-- Opening Marker --
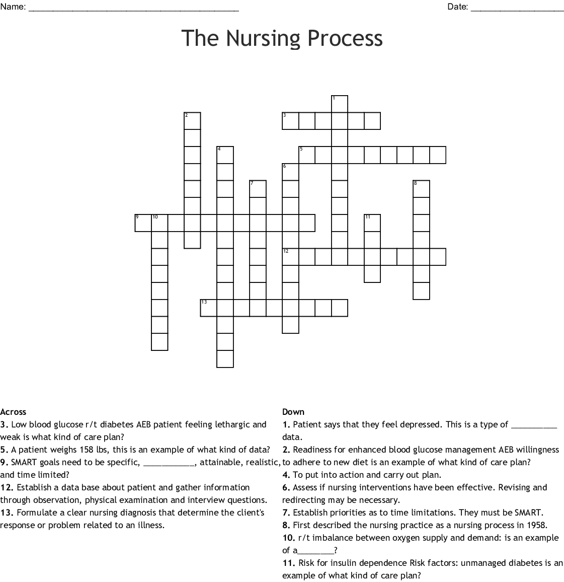 Printable Nursing Crossword Puzzles Printable Crossword Puzzles
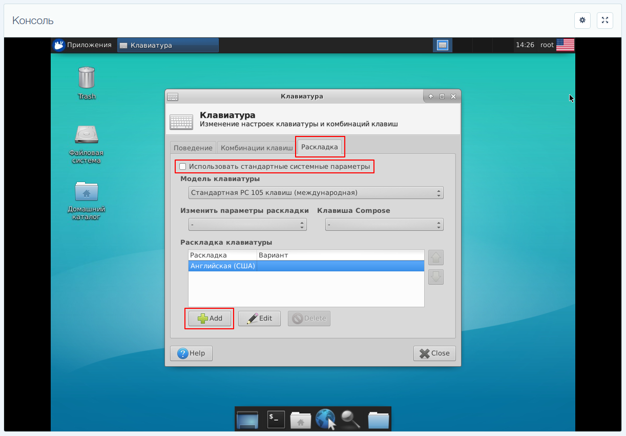 9. В новом окне перейдите на вкладку «Раскладка», снимите галку «Использовать стандартные системные параметры» и нажмите «Add»:
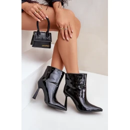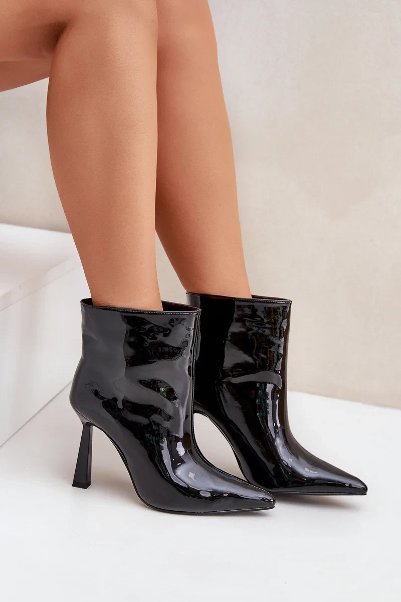 Lakované dámské kotníkové boty na vysokém podpatku. Model s špičatými nosy, který opticky zeštíhluje nohu. Zateplené obuvnickou podšívkou, dokonale se osvědčí v chladnějších dnech. Ideální pro styling na speciální příležitosti. Při výběru velikosti se prosím řiďte tabulkou velikostí.
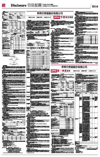 希努尔男装股份有限公司2015第一季度报告 2015-04-25 来源:证券时报网 作者:
-- Closing Marker --
* AIM OF THE EXERCISE: The response should hold only an exact retyping of the lines from the beginning of the data through the line containing "9. В новом окне", both ends kept, pictures omitted.

* EXERCISE ANSWER:
 Printable Nursing Crossword Puzzles Printable Crossword Puzzles
 9. В новом окне перейдите на вкладку «Раскладка», снимите галку «Использовать стандартные системные параметры» и нажмите «Add»:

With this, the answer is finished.